Judges measured technical difficulty, execution and creativity, similar to contemporary comparable sports, such as figure skating.
The International Ski and Snowboard Federation (FIS), the international skiing and snowboarding governing body, officially recognized ski ballet in 1979, and nine years later international icons like Germany’s Hermann Reitberger competed for the first ski ballet demonstration medals at the 1988 Winter Olympics in Calgary.

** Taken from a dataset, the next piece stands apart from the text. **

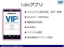 対応端末として、i-dioのほか、地上デジタルテレビ、FMラジオにも対応した3波対応のAndroid SIMフリースマートフォン「i-dio Phone」(コヴィア製)が年内に登場する予定。

Demonstration sports are not official Olympic events. Host nations often include a few favorite sports they may want to showcase for potential official inclusion in future Olympics. For example, the 2024 Summer Olympics in Paris included
Muaythai as a demonstration sport.
Ski ballet appeared in the 1988 Calgary Winter Olympics and the 1992 Albertville Winter Olympics. It did not make it to Lillehammer in 1994, and many athletes, including Rosenbaum, said the sport’s
failed push to become an official Olympic event, matched with increasing regulations and declining popularity, diminished professional ski ballet.
Rosenbaum was still a teenager in the early 1990s, but she was already an accomplished combine skier on the U.S. Freestyle Ski Team.
In 1990, she focused solely on ski ballet and qualified for the 1992 Winter Olympics in Albertville. She was passed over for Sharon Petzold and Ellen Breen, who finished third and sixth, respectively.
Rosenbaum qualified again in 1994, but the event was pulled from the Games, so Rosenbuam never got her chance to compete at an Olympics.
Twenty-five years later, she stood about halfway up Monarch Mountain’s “Freeway,” a wide stretching slope that feeds skiers back to the base of the mountain. Once more, she performed her award-winning routine, before retiring to a judge’s table to critique competitors on scales of difficulty, execution and “vibe.”